Strictly speaking, non-normality of the residuals is an indication of an inadequate model. It means that the errors the model makes are not consistent across variables and observations (i.e. the errors are not random).
The first step should be to look at your data. What kind of distribution would fit your data ? Are there outliers ? If you have lots of 0 this is probably why your data is not normally distributed. A usual remedy is to use a transformation of the variables to make them closer to normally distributed but some people argue against this and to use a more appropriate method instead (i.e. generalized linear mixed model).
A practical guide to mixed models in R
Checking assumptions in mixed models.
Robustness of linear mixed models.

0
ybbarnatan0 wrote:

Hi Jean-Karim Heriche, thanks for the reply. The first thing I do before looking at P-values after running a model, is checking the assumptions and looking for outliers, both in X and Y with boxplots and Cook's distance. Regarding outliers, there are none; and regarding the assumptions, I meet homoscedasticity but lack of normality.
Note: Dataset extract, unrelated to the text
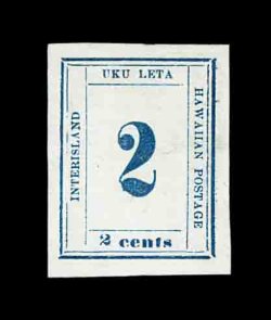 1030 ng 26 image#26, 2c Dark blue on white wove paper, Plate 10-A, Ty. II (Pos. 10), an impressive unused single with huge margins all around, bright color and strong impression, extremely fine gem; this position shows the popular broken toe in large numeral "2" variety, and interestingly this piece of broken type is found in type II in this plate rather than type IV as it is found in the earlier Plate 5; ex-"Honolulu Advertiser Collection". (Image) 300.00+

As Devon Ryan stated before, I may have stated I used GLM but in fact, I used mixed effect models (I thought they were the same thing). Hence my question: what should I do when I´m not using linear regression or ANOVA but mixed effect models, and still get lack of normality. I believe the lack of normality comes only because of the large number of zero responses, and I want to know if there is some test I can do when not having normalilty (like I would do a Kurskall-Wallis for a non parametric ANOVA); or if there is some publication or paper that supports going on with the current analysis, as I cited there are cases that it´s OK to turn a blind eye on lack of normality due to a floor effect when performing t-tests.

I didn't try transforming the dependent variable yet, as it´s the last thing I want to do. I would have to interpret, for example, log(Y) instead of Y, and that would lack of biological meaning to me...so I´m trying to explore if there is something else I can do before transforming it. Any thoughts?? Thanks!!!

P.s: thanks for the links, will look at them thoroughly.